The data:

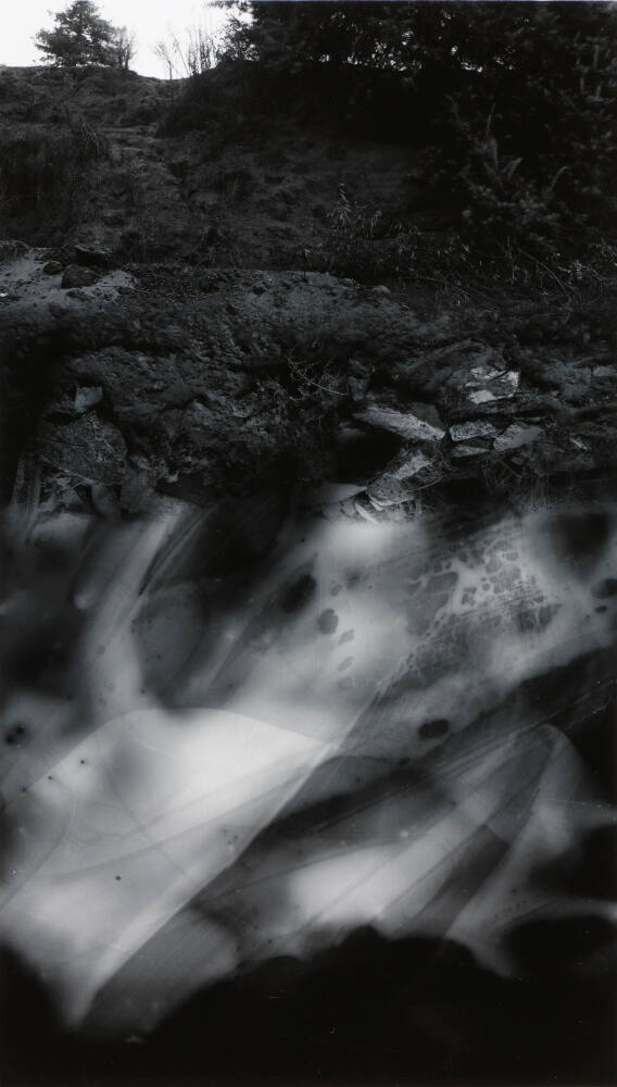 DescriptionDark image of stratification of rock layers with an evergreen tree at the upper left and lighter, blurred abstract images overlapping at the bottom.ProvenanceEstate of Michael Bishop;
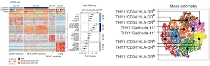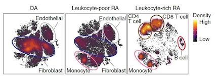2019年5月,Nature Immunology報(bào)道關(guān)于類風(fēng)濕性關(guān)節(jié)炎(RA)的研究。作者對(duì)來(lái)自RA或骨關(guān)節(jié)炎(OA)患者的51個(gè)滑膜組織樣品的T細(xì)胞、B細(xì)胞、單核細(xì)胞和成纖維細(xì)胞進(jìn)行單細(xì)胞RNA測(cè)序(scRNA-seq)、質(zhì)譜流式檢測(cè)、 轉(zhuǎn)錄組測(cè)序(bulk RNA-seq)和普通流式細(xì)胞檢測(cè)。利用基于5,265個(gè)scRNA-seq圖譜典型相關(guān)分析的綜合策略,作者鑒定了18個(gè)獨(dú)特的細(xì)胞群。通過(guò)在單細(xì)胞層面對(duì)跨數(shù)據(jù)模態(tài)進(jìn)行整合,精確定義了特定細(xì)胞亞群在RA和慢性炎癥中的作用。
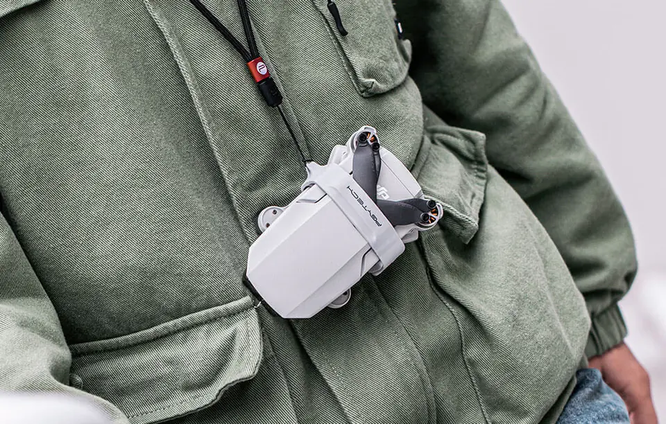 Do zestawu dołączona jest smycz, która umożliwia zamontowanie do niej drona i zawieszenie go na szyi. Idealne rozwiązanie w chwilach gdy potrzebne są dwie ręce, a dron nie może zostać odłożony np. na mokrą trawę.
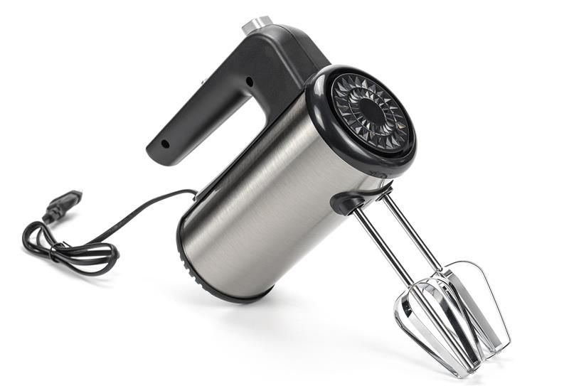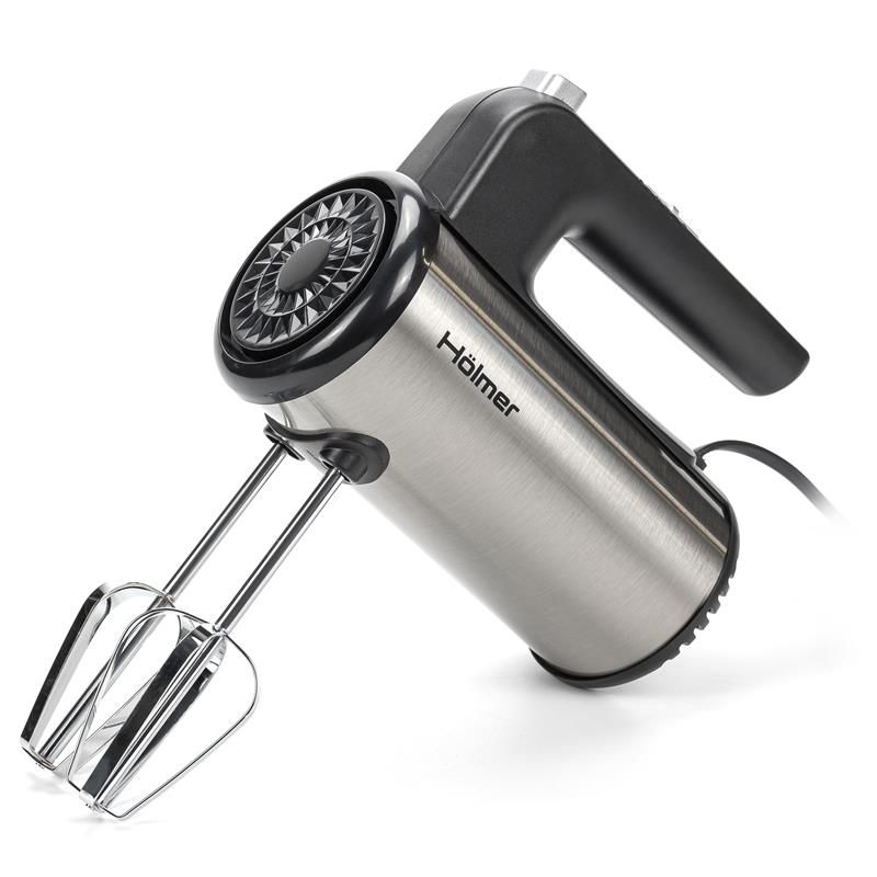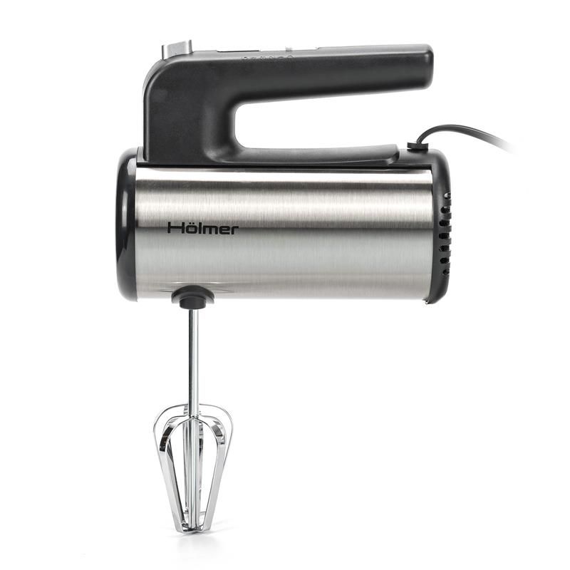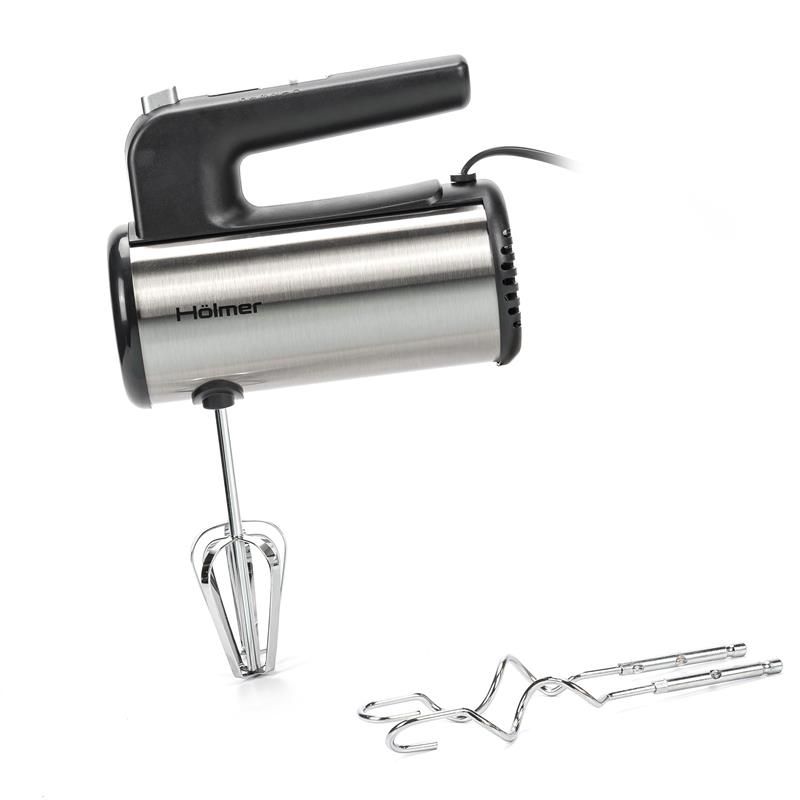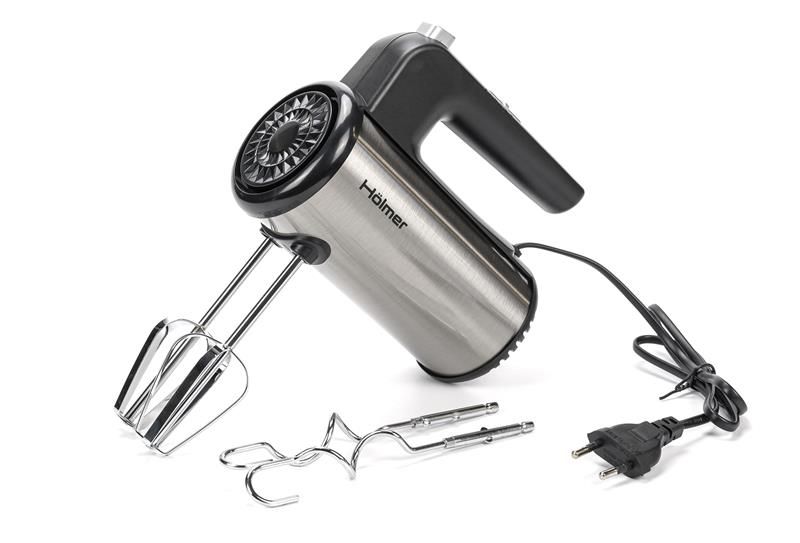Модель Holmer HHM-45 покращеної ергономічної форми представлена у кольорі металік. Корпус міксера виготовлений з якісного пластику, а потужні вінчики для збивання та гаки для замішування тіста – хромованої сталі.
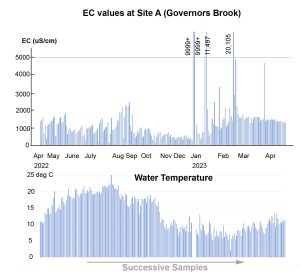 “Full strength seawater is about 50,000 uS/cm. So water in Governors Brook on the high EC days (Fig 1) was the equivalent of about 20-40% seawater. The Canadian Water Quality Guidelines for the Protection of Aquatic Life for chloride are 120 mg CL/L for Long term Exposure and 640 mg CL/L for short term exposure; the equivalent EC values are 474 and 2414 uS/cm respectively (source). On the days when EC exceeded 9,999 uS/cm, the chloride values were likely at least 5 x the critical value for short term exposure!”
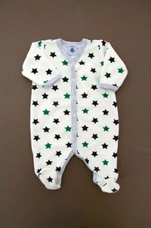 Dors-bien en velours bleu bord jersey gris clair chiné, pour bébé garçon naissance, chaud pour la maternité pour toutes les saisons, avec pressions devant et entre les jambes pour faciliter...
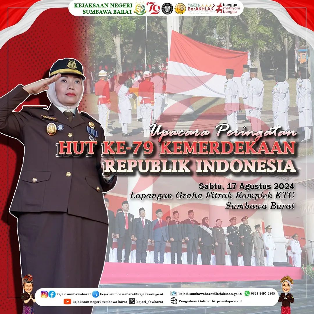 Pada Tanggal 17 Agustus 2024. Kepala Kejaksaan Negeri Sumbawa Barat, Dr. Titin Herawati Utara, SH.,MH Mengikuti Upacara Peringatan Hari Kemerdekaan Republik Indonesia yang Ke-79 Bertempat di Lapangan Graha Fitrah Kab. Sumbawa Barat.
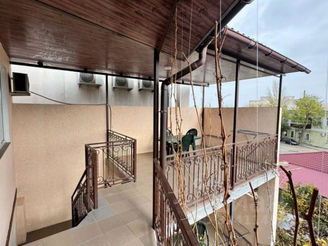 Трёхэтажное здание 165 м2. Материал камень-ракушечник, кровля - металлочерепица, здание оштукатурено снаружи, внутри выложено плиткой из керамогранита на полу и на стенах.
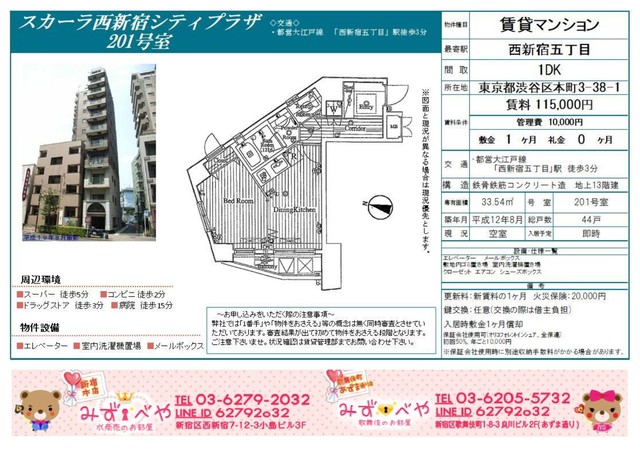 スカーラ西新宿シティプラザ詳細はこちら礼金0ヶ月敷金1ヶ月賃料:115,000円管理費:10,000円間取り:1DK&n...
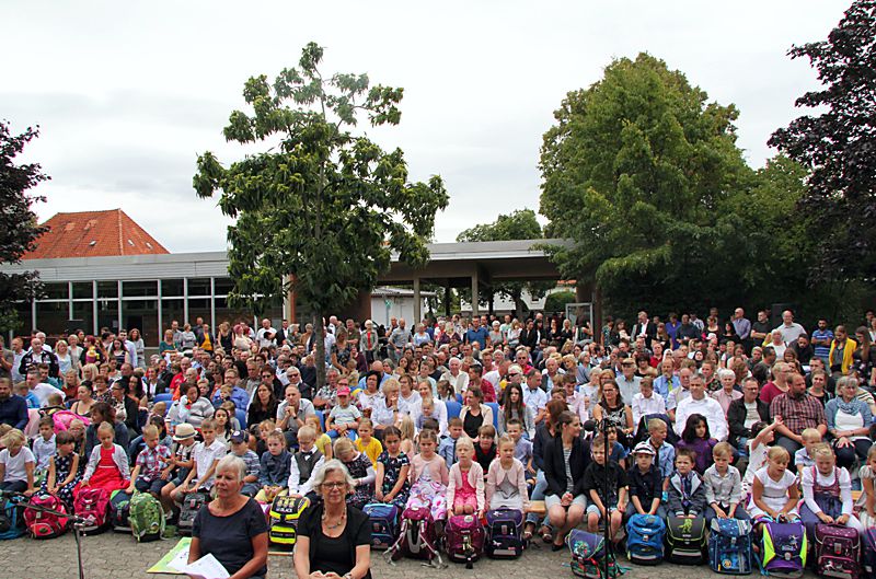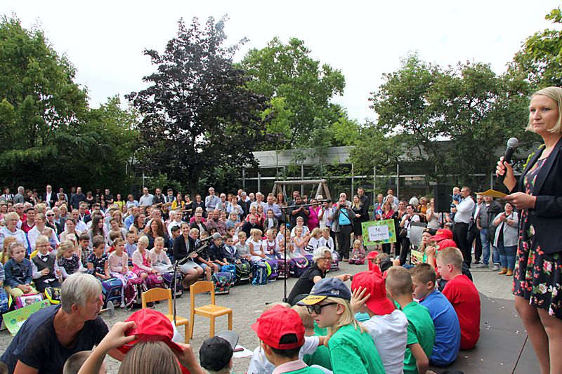 Eine Premiere gab es in diesem Jahr bei der Feier zur Einschulung an der Clemens-Schule in Hornburg: Die Feier fand unter freien Himmel auf dem Schulhof statt. Die neue Schulleiterin Marie-Louise Siemann empfing die 56 ABC Schützen mit warmen und aufmunternden Worten und begrüßte die zahlreichen Familienangehörigen.
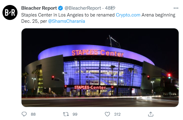 北京时间11月17日,洛杉矶湖人和快船的主场斯台普斯中心将于当地时间12月25日圣诞节后更名为Crypto.com球馆。

Work to be completed:
Could you write out every record exactly, leaving the pictures out?

Task response:
 DescriptionDark image of stratification of rock layers with an evergreen tree at the upper left and lighter, blurred abstract images overlapping at the bottom.ProvenanceEstate of Michael Bishop;
2019年5月,Nature Immunology報(bào)道關(guān)于類風(fēng)濕性關(guān)節(jié)炎(RA)的研究。作者對(duì)來(lái)自RA或骨關(guān)節(jié)炎(OA)患者的51個(gè)滑膜組織樣品的T細(xì)胞、B細(xì)胞、單核細(xì)胞和成纖維細(xì)胞進(jìn)行單細(xì)胞RNA測(cè)序(scRNA-seq)、質(zhì)譜流式檢測(cè)、 轉(zhuǎn)錄組測(cè)序(bulk RNA-seq)和普通流式細(xì)胞檢測(cè)。利用基于5,265個(gè)scRNA-seq圖譜典型相關(guān)分析的綜合策略,作者鑒定了18個(gè)獨(dú)特的細(xì)胞群。通過(guò)在單細(xì)胞層面對(duì)跨數(shù)據(jù)模態(tài)進(jìn)行整合,精確定義了特定細(xì)胞亞群在RA和慢性炎癥中的作用。
 Do zestawu dołączona jest smycz, która umożliwia zamontowanie do niej drona i zawieszenie go na szyi. Idealne rozwiązanie w chwilach gdy potrzebne są dwie ręce, a dron nie może zostać odłożony np. na mokrą trawę.
Модель Holmer HHM-45 покращеної ергономічної форми представлена у кольорі металік. Корпус міксера виготовлений з якісного пластику, а потужні вінчики для збивання та гаки для замішування тіста – хромованої сталі.
 “Full strength seawater is about 50,000 uS/cm. So water in Governors Brook on the high EC days (Fig 1) was the equivalent of about 20-40% seawater. The Canadian Water Quality Guidelines for the Protection of Aquatic Life for chloride are 120 mg CL/L for Long term Exposure and 640 mg CL/L for short term exposure; the equivalent EC values are 474 and 2414 uS/cm respectively (source). On the days when EC exceeded 9,999 uS/cm, the chloride values were likely at least 5 x the critical value for short term exposure!”
 Dors-bien en velours bleu bord jersey gris clair chiné, pour bébé garçon naissance, chaud pour la maternité pour toutes les saisons, avec pressions devant et entre les jambes pour faciliter...
 Pada Tanggal 17 Agustus 2024. Kepala Kejaksaan Negeri Sumbawa Barat, Dr. Titin Herawati Utara, SH.,MH Mengikuti Upacara Peringatan Hari Kemerdekaan Republik Indonesia yang Ke-79 Bertempat di Lapangan Graha Fitrah Kab. Sumbawa Barat.
 Трёхэтажное здание 165 м2. Материал камень-ракушечник, кровля - металлочерепица, здание оштукатурено снаружи, внутри выложено плиткой из керамогранита на полу и на стенах.
 スカーラ西新宿シティプラザ詳細はこちら礼金0ヶ月敷金1ヶ月賃料:115,000円管理費:10,000円間取り:1DK&n...
 Eine Premiere gab es in diesem Jahr bei der Feier zur Einschulung an der Clemens-Schule in Hornburg: Die Feier fand unter freien Himmel auf dem Schulhof statt. Die neue Schulleiterin Marie-Louise Siemann empfing die 56 ABC Schützen mit warmen und aufmunternden Worten und begrüßte die zahlreichen Familienangehörigen.
 北京时间11月17日,洛杉矶湖人和快船的主场斯台普斯中心将于当地时间12月25日圣诞节后更名为Crypto.com球馆。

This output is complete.